18336687. DIMENSIONAL ATTENTION FOR WEIGHT ALLOCATION IN LANGUAGE MODELS OR OTHER MACHINE LEARNING MODELS simplified abstract (SAMSUNG ELECTRONICS CO., LTD.)

From WikiPatents
Jump to navigation Jump to search

DIMENSIONAL ATTENTION FOR WEIGHT ALLOCATION IN LANGUAGE MODELS OR OTHER MACHINE LEARNING MODELS

Organization Name

SAMSUNG ELECTRONICS CO., LTD.

Inventor(s)

Suhel Jaber of San Jose CA (US)

Brendon Christopher Beachy Eby of Chicago IL (US)

Sai Ajay Modukuri of San Francisco CA (US)
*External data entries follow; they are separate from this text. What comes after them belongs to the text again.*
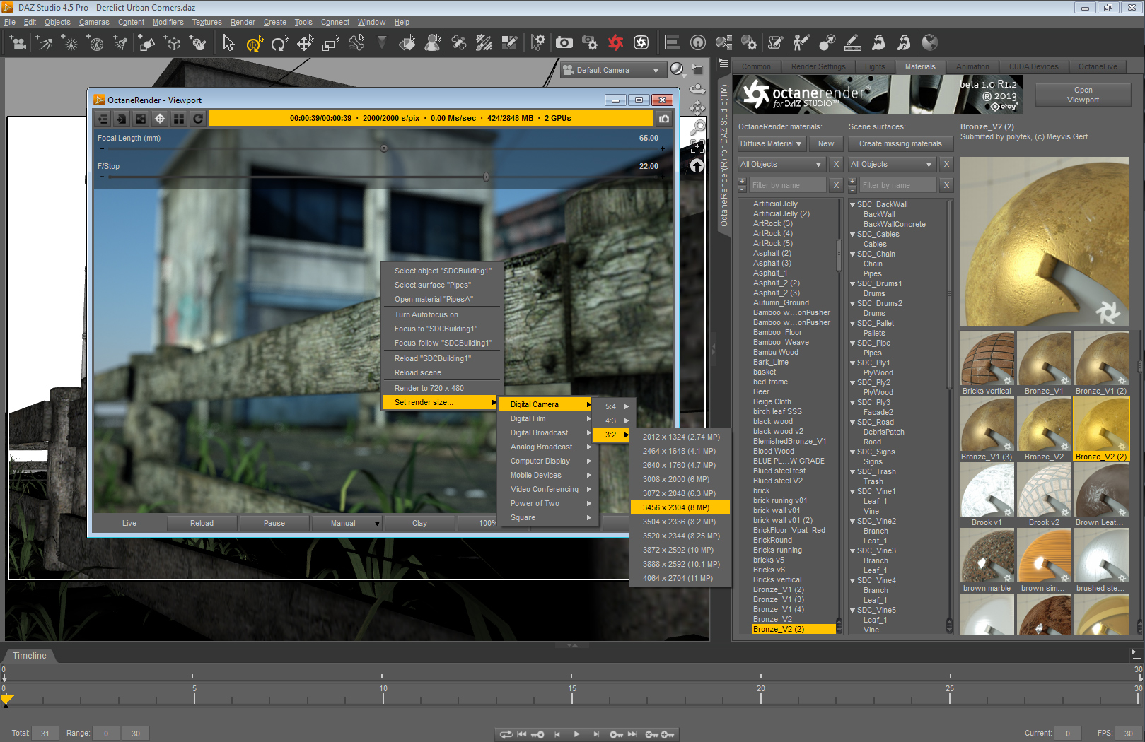 note: the f/stop parameter from the daz camera is translated into the octane aperture value and vice versa.
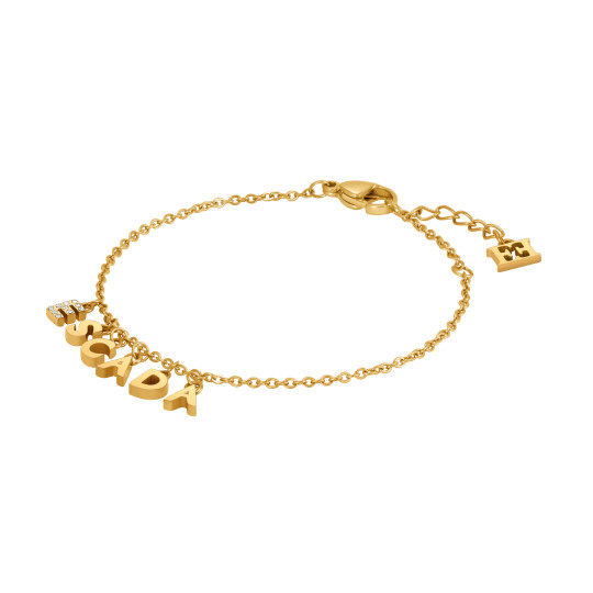 | The ultimate embodiment of Escada’s playful yet sophisticated spirit, Belle bracelet features dainty ESCADA letter charms dancing along a delicate chain. Designed for the woman who embraces her individuality, this bracelet is a charming statement of confidence, grace, and a love for luxury in its most effortless form. |
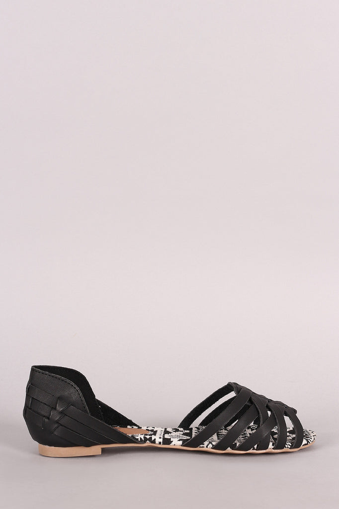 This dorsay style flat features vegan leather, open toe, strappy woven design, low flat heel, and lightly padded insole.

DIMENSIONAL ATTENTION FOR WEIGHT ALLOCATION IN LANGUAGE MODELS OR OTHER MACHINE LEARNING MODELS - A simplified explanation of the abstract

This abstract first appeared for US patent application 18336687 titled 'DIMENSIONAL ATTENTION FOR WEIGHT ALLOCATION IN LANGUAGE MODELS OR OTHER MACHINE LEARNING MODELS

Simplified Explanation

The method involves processing an input with multiple tokens using a machine learning model that performs attention over both the dimensions of the tokens and the dimensions of embedding vectors representing the tokens, weighting different dimensions of each token differently to generate an output embedding vector for a query token.

  • Obtaining an input containing multiple tokens
  • Processing the input using a machine learning model
  • Performing attention over multiple dimensions of the tokens
  • Performing attention over multiple dimensions of embedding vectors
  • Weighting different dimensions of each token differently
  • Generating an output embedding vector for a query token based on the attention

Potential Applications

  • Natural language processing
  • Sentiment analysis
  • Information retrieval systems

Problems Solved

  • Improving accuracy of machine learning models
  • Enhancing understanding of relationships between tokens
  • Handling complex inputs with multiple dimensions

Benefits

  • Increased efficiency in processing inputs
  • Improved performance in generating output embeddings
  • Enhanced capabilities in analyzing and interpreting data


Original Abstract Submitted

A method includes obtaining an input containing multiple tokens. The method also includes processing the input using a machine learning model. Processing the input includes performing attention over both (i) multiple dimensions of the tokens contained in the input and (ii) multiple dimensions of embedding vectors used to represent the tokens contained in the input so that different dimensions of each of at least some of the tokens are weighted differently. In addition, the method includes generating an output embedding vector for a query token of the multiple tokens based on the attention.